We had used all our tricks in our bag. There was only one thing left to do. We packed that crevice nice and tight, with Surgicel, an absorbable sponge that would pressurize it temporarily and over that with snugly fit towel mops. Eight of them to fill the entire opening. Then we tied the area with bandage. And we waited. We waited for 48 hours.

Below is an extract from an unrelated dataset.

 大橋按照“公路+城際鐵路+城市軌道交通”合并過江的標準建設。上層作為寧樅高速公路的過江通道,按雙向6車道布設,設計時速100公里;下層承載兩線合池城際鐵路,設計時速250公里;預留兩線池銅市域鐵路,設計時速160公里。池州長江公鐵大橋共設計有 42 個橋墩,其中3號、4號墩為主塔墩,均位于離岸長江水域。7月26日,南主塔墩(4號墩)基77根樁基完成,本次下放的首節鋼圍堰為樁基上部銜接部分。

Meanwhile, we investigated the patient for the cause of such inconspicuous, unstoppable bleeding. His coagulation profile seemed deranged. But not by too much. And then, our nephrologist friends pitched in with a D-Dimer report that showed more than moderate elevation. This meant that this boy had Disseminated Intra vascular Coagulation. His weakened state due to his pre-existing kidney condition, and his blood loss had made his blood clotting system go haywire. His body had probably consumed all his clotting factors in making the large clot that he came with. If he just had a bleeding vessel, the clot would have stopped it. But his kidney had been lacerated due to the accident in such a way that it bled slowly and continuously from multiple small parenchymal arteries in the kidney. The irony was that this had kept him alive till he got to the hospital. The blood hadn’t emptied form him fast enough to kill him quick. But this had also led to his present dangerous condition.

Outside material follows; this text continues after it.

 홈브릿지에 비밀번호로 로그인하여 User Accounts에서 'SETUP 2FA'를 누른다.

We tried correcting whatever abnormalities we could. But by evening, even through the eight towel mops we had placed in him, we could see blood soakage from the corner of his wound.  Thankfully, his Hemoglobin wasn’t dropping. So we decided to keep waiting for the standard 48 hours to get over. It was a tough 48 hours. The pressurizing mops had irritated and obstructed his gut. It wouldn’t move and so he kept vomiting every hour. The pain was very bad. He was drowsy from lack of sleep, because the pain and the fullness and the nausea kept him awake inspite of medication. 48 hours, I said to myself. Just hold on. I was scared that in his drowsiness, he would aspirate his vomitus. That would be fatal. We tried placing a stomach tube to prevent that situation, but he wouldn’t tolerate it.


Somehow, the 48 hours went by and we took him back to the OT. We started removing the mops, slowly, very slowly, one at a time. It reminded me strangely of a poem I had read in my early schooling- The charge of the Light Brigade. “Into the Valley of Death, rode the Light Brigade”, it said. Reaching that little crevice in the upper part of his wound, where walls of muscle created a valley where a little stream of blood would flow to become a pool and then a flood was one of the most tense moments I’ve seen in my six months of operative surgery. The deeper towels were soaked thickly with blood, but they were otherwise dry. That was a good sign. We took that last towel out so slowly, it seemed like an eternity. And there it was, the ‘Valley of Death’. Clean, dry, without blood. We went a step further and washed the whole wound. There was no blood. We placed a drain, and closed him.


After ten days under our care, the boy improved. Not only did he not have any more bleeding, his health got better with repeated dialysis. It was a miracle he survived. He comes for his dialysis regularly like he used to. Someday soon, we might re-enter that valley, on peaceful terms, and transplant a new kidney there.